# DATA EXTRACT
- - - - - - -
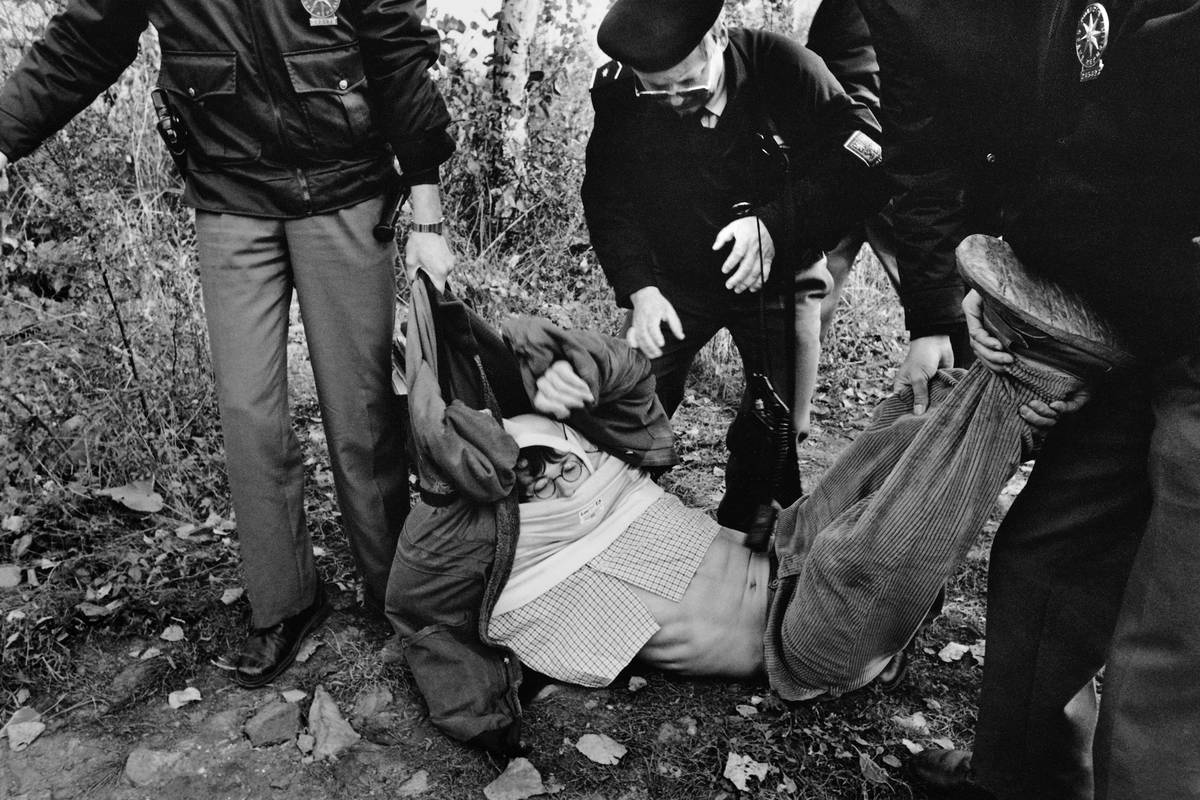 Pracovníci demoličních čet i najatá bezpečnostní firma se opakovaně dopouštěli na protestujících násilí, kvůli čemuž byl odvolán ředitel těžební firmy. Na snímku z roku 1992 je vláčen Jan Piňos, bývalý vedoucí kampaně za záchranu Libkovic.
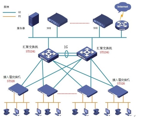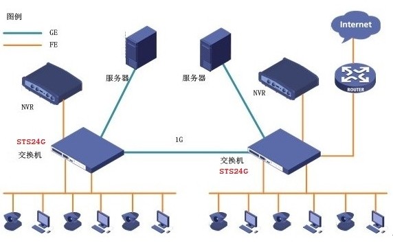 中小企業采用STS24G作為核心交換機,多臺之間可以通過智能識別技術實現設備性能和端口的同步擴展。在接入層采用STS26交換機,通過智能識別技術,實現包括NVR、IP Camera的設備識別及數據智能優化。
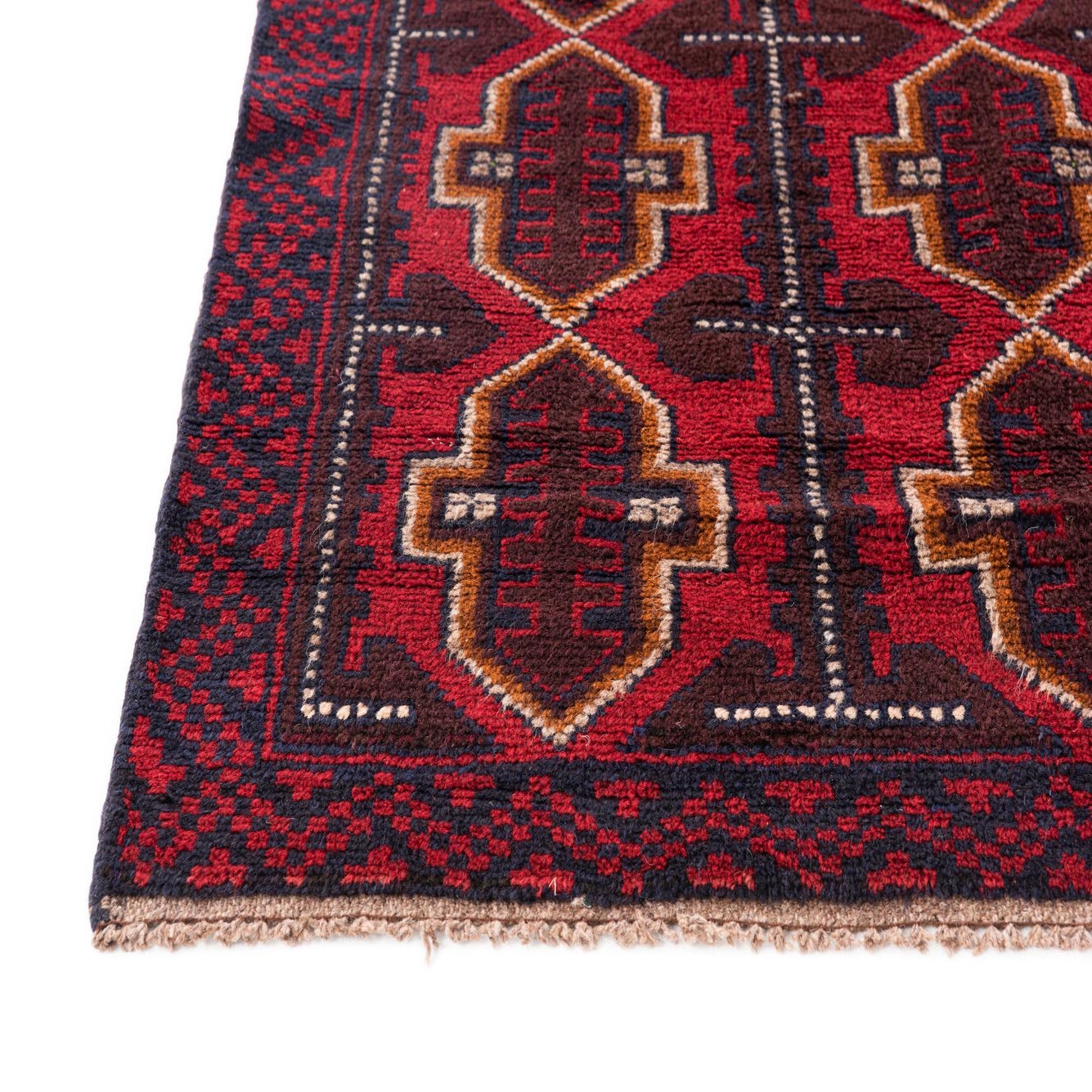 Primary color is Burgundy. Colors in this rug include: Burgundy, Beige, Brown, Maroon, Navy Blue.
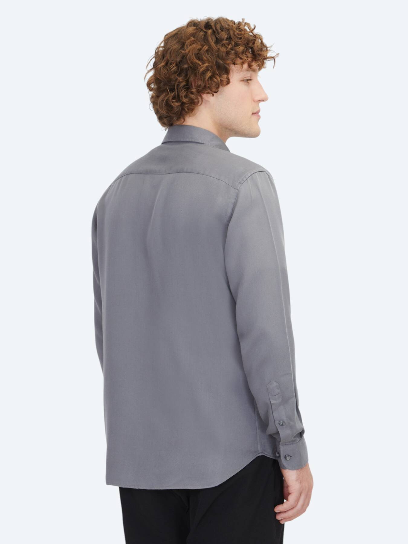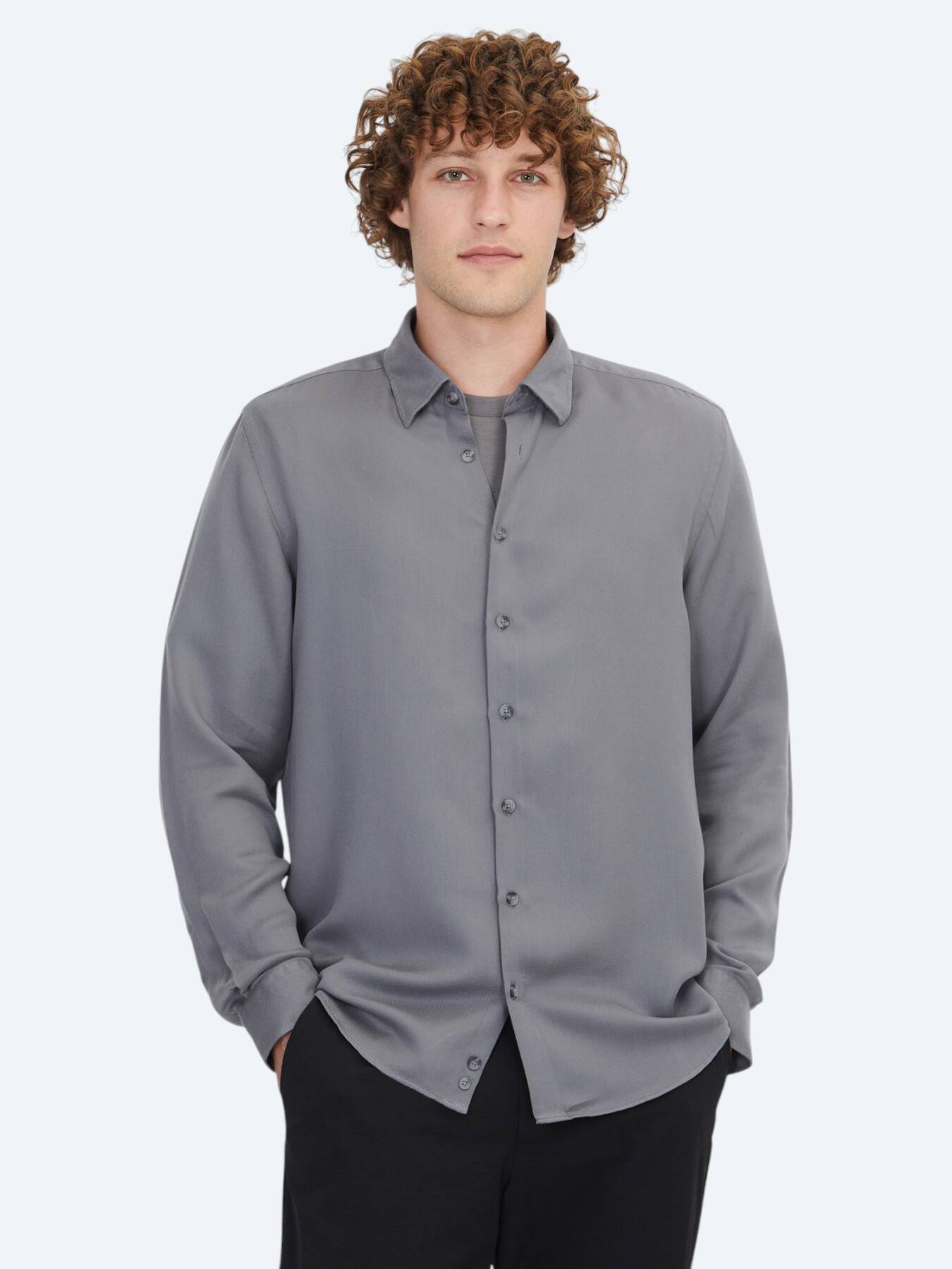 Grey Plain Regular Fit Weaving Casual Shirt
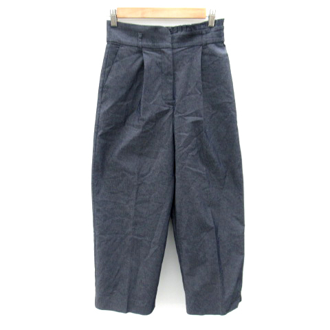 テチチ Te chichi ダンガリーパンツ ワイドパンツ ロング丈 無地 フリル M 青 ブルー /SY17 レディース
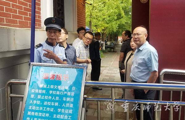 在学校东大门,校领导一行对学校迎新总体工作进行了深入细致的了解,着重强调了迎新期间车辆行驶的问题,并询问了迎接新生客车的安排情况,随后至西南门检查迎新工作。西南门人流量较大,曾礼书记指出,要做好交通疏导工作,并保证出入通道的畅通,方便新生进入。孟东方校长询问了志愿者引导、行李运送等工作安排,并肯定了校园纸质地图、小程序对迎新工作所起到的作用。
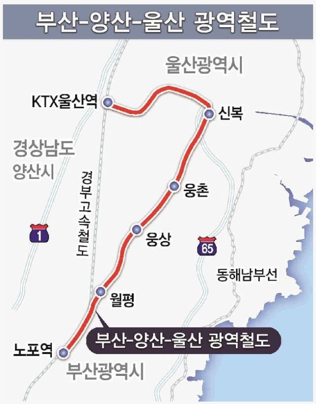 부울경 핵심축인 부산(노포)~양산(웅상)~울산(KTX 울산역)을 잇고 부산 1호선, 정관선, 양산선, 울산 1호선 등 단절된 4개의 도시철도와 직접 연계된다. 부울경 1시간 생활권을 형성하고 산업·물류·배후단지 기능을 활성화해 지방 균형발전을 견인할 것으로 기대된다.
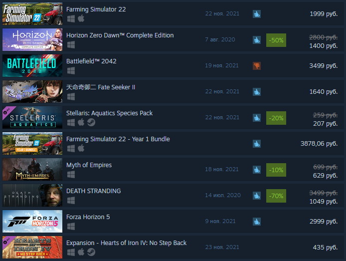 В России Farming Simulator 22 уступила первые три строчки рейтинга продаж (Steam) Horizon Zero Dawn, Days Gone и Death Stranding.
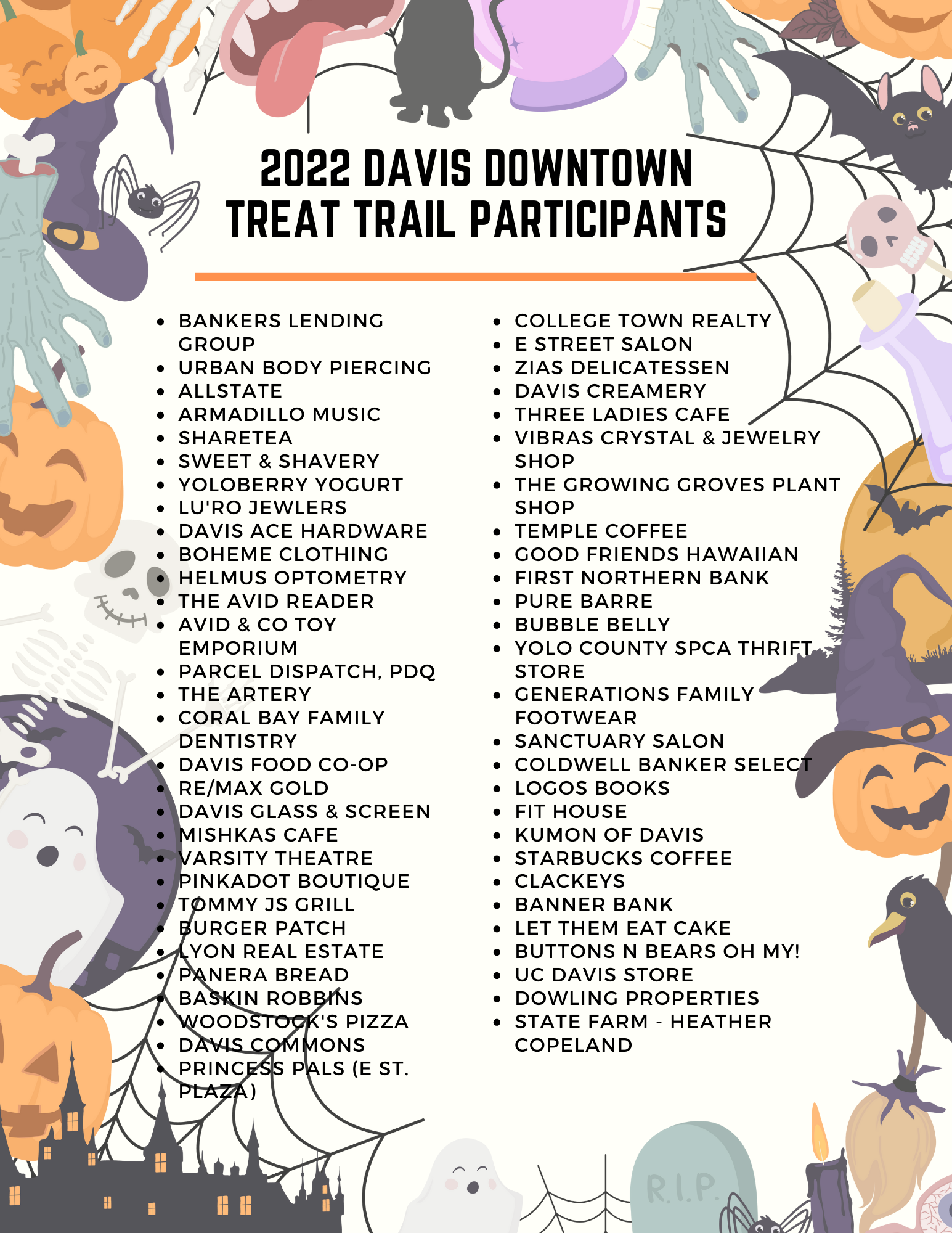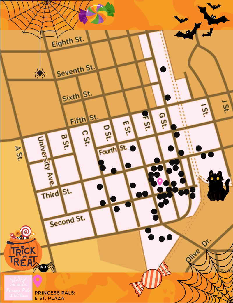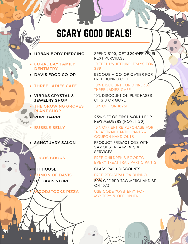 Monday, 10/31, 2:30 pm – 5:30 pm: The famous Davis Downtown Treat Trail is back! Princess Pals will also be along the trail passing out treats, so be sure to snap a picture!
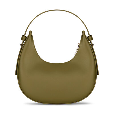Ультрамодная сумка-хобо из искусственной кожи цвета хаки – выбор для стильных женщин. Идеальные округлые формы делают её подходящей как для повседневных, так и для более официальных образов. Внутри большое отделение для вещей и дополнительный карман на молнии. Благодаря плотному каркасу сумка отлично держит форму, а с помощью регулируемых ручек – всегда можно настроить на удобную длину.
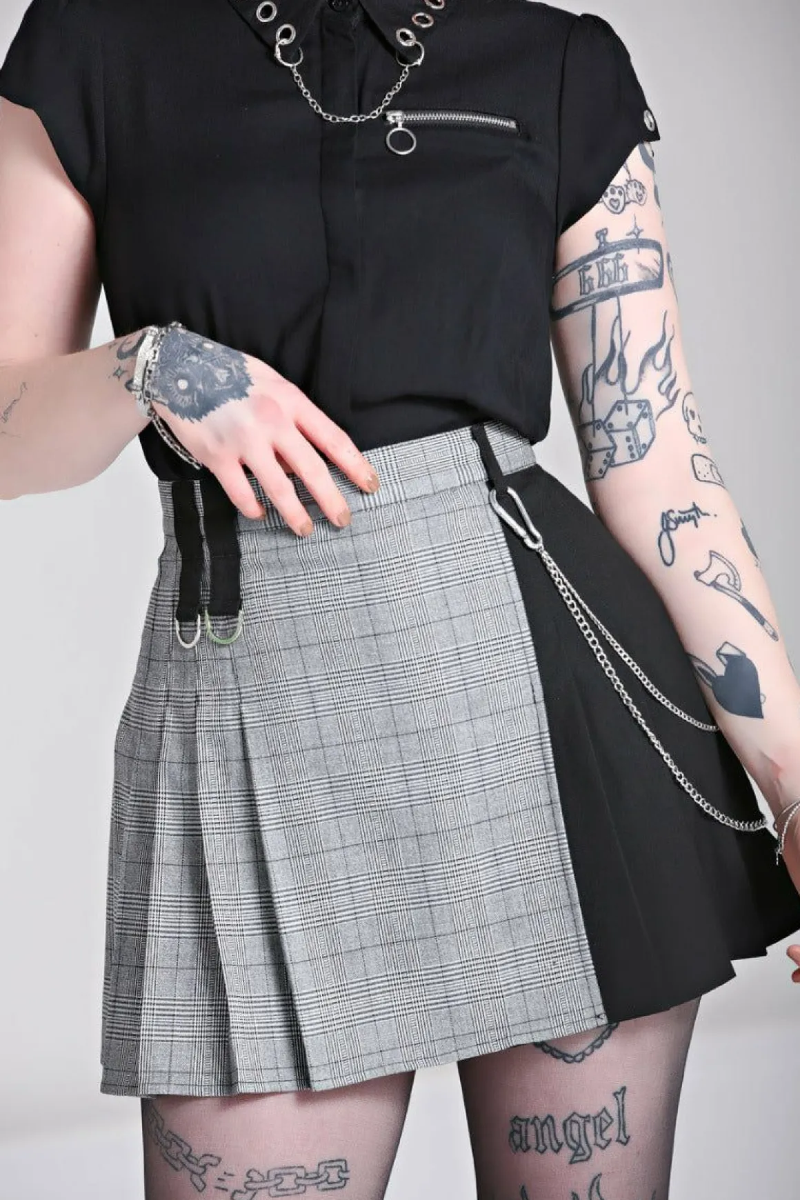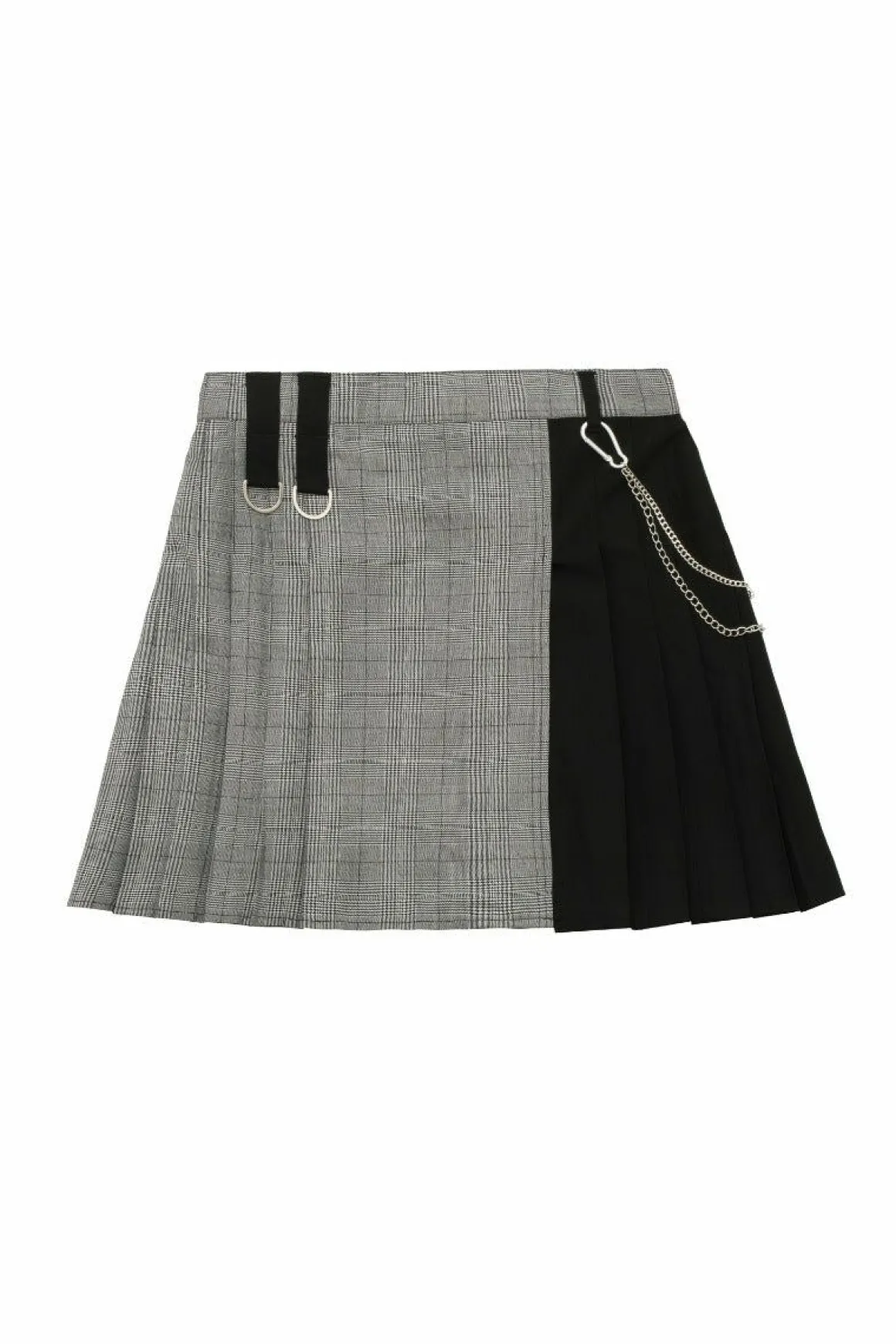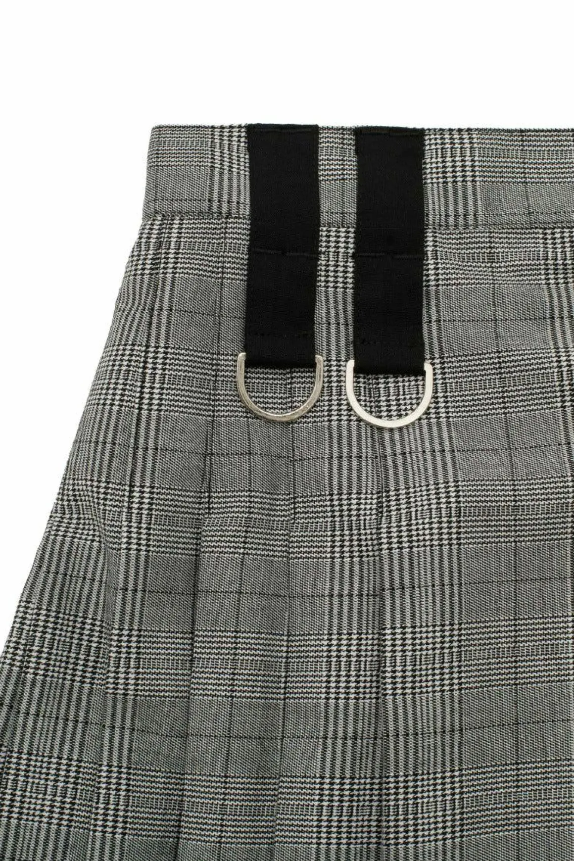 Grey Check & Black Mini SkirtBlack Plain Contrasting Fabric For Belt Loops With Large Silver D-RingsFlat Frnt Of Skirt W…
- - - - - - -
# TASK DIRECTIONS
Only the lines between the one with "Primary color is" and the one with "テチチ Te chichi", those two included, get copied from the material above. Keep it exact and free of pictures.

# SOLUTION TO THIS TASK
 Primary color is Burgundy. Colors in this rug include: Burgundy, Beige, Brown, Maroon, Navy Blue.
 Grey Plain Regular Fit Weaving Casual Shirt
 テチチ Te chichi ダンガリーパンツ ワイドパンツ ロング丈 無地 フリル M 青 ブルー /SY17 レディース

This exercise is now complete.